8: Kitchen Magic

BREAD DOUGH SMACKED AGAINST the kitchen table with a great thwap, sending forth an explosion of floury smoke within which Mrs. Hanson might well have concealed herself, except that continuous muttering betrayed her position. In fresh curses she protested the crick in her neck, the fatigue in her feet, the indifference of young people, and the arrogance of rich. Most specially that great potentate of Lowell himself, Kirk Boott! Her fingers, so arthritic and unwilling as they kneaded the dough, itched to seize and twist the man’s silk cravat until he choked. She might have known he’d turn their interview into an interrogation. More fool her, for marching upon him without reinforcements or artillery. A mistake she would not repeat.

At least no harm had yet come of it. For here was Hannah, gobbling her supper as hastily as any night, her narrow backside propped against the windowsill.

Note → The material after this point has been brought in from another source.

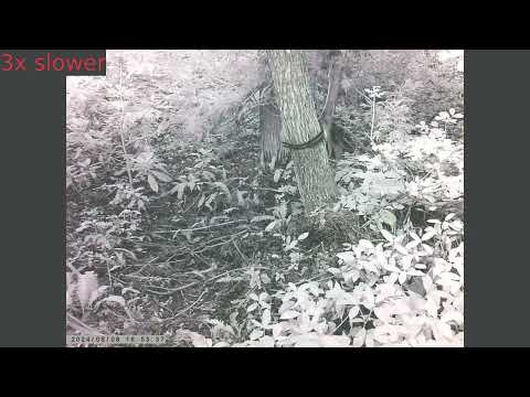 監視カメラが起動したときには、ニホンリス(Sciurus lis)がミズナラの幹を下から登りかける途中でした。

There’d been some fuss among the girls over that little mouse Abigail North, who’d come in with Betsy and Laura and the groceries, a shawl over her head, and scurried upstairs at once. She did not reappear for supper. Mrs. Hanson felt no inclination to investigate; she had kept the Lowell house long enough not to involve herself in all the little dramas of her wards. One more plate of beans and gravy remained on the sideboard, for Abigail or Judith Whittier, whichever had the stomach to come for it. Hannah—Hannah the Gifted, Hannah the Fire-Kissed—never went to bed hungry. Well, house matrons (like mothers) were entitled to their favorites.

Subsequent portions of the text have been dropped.